Supplied material ▸
=-=-=-=-=
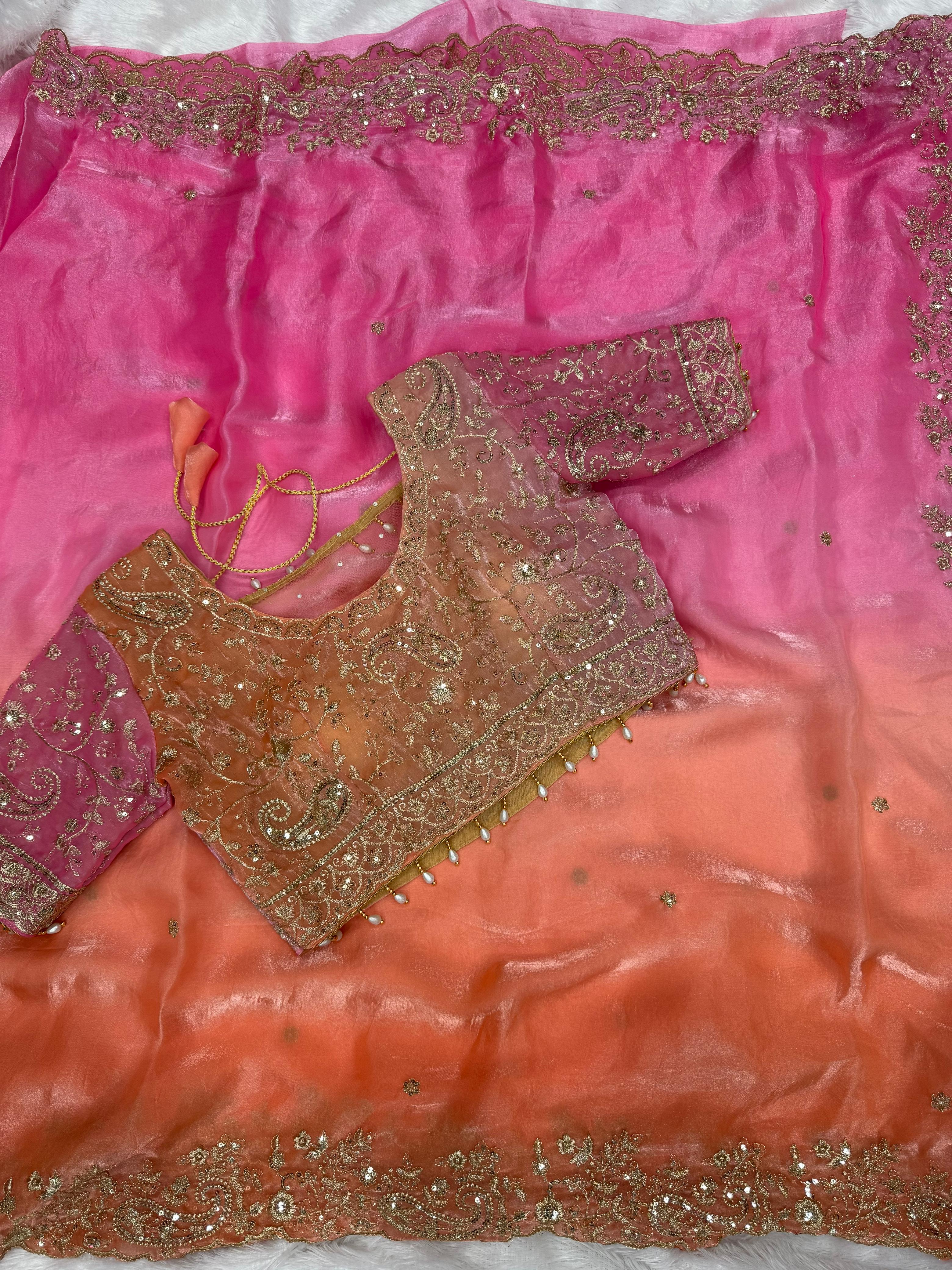 Very soft & elegant rich look fendy sartin fabric with beautiful embroidery 3 mm sequence work heavy border with buttis in all over saree aarco
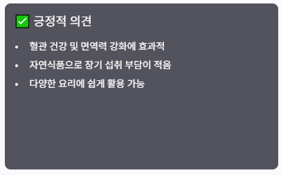- 혈관 건강 및 면역력 강화에 도움
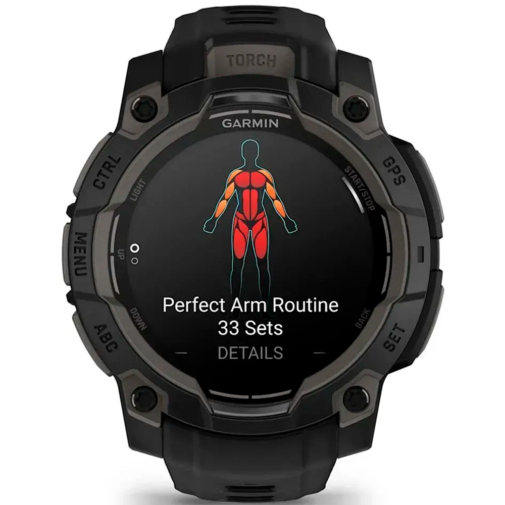 Garmin Instinct 3 створений для найекстремальніших умов. Його міцний корпус з посиленим безелем відповідає стандарту 10ATM та гарантує стійкість до ударів, температурних перепадів і води (водозахист до 100 м). Вбудований LED-ліхтарик із регульованою яскравістю, червоним світлом і стробоскопічним режимом забезпечує видимість у темряві, що ідеально підходить для нічних походів чи екстрених ситуацій.
=-=-=-=-=
Work task ▸
Once the images are removed, print the remaining data exactly as it appears above.

Answer to this exercise ▸
 Very soft & elegant rich look fendy sartin fabric with beautiful embroidery 3 mm sequence work heavy border with buttis in all over saree aarco
- 혈관 건강 및 면역력 강화에 도움
 Garmin Instinct 3 створений для найекстремальніших умов. Його міцний корпус з посиленим безелем відповідає стандарту 10ATM та гарантує стійкість до ударів, температурних перепадів і води (водозахист до 100 м). Вбудований LED-ліхтарик із регульованою яскравістю, червоним світлом і стробоскопічним режимом забезпечує видимість у темряві, що ідеально підходить для нічних походів чи екстрених ситуацій.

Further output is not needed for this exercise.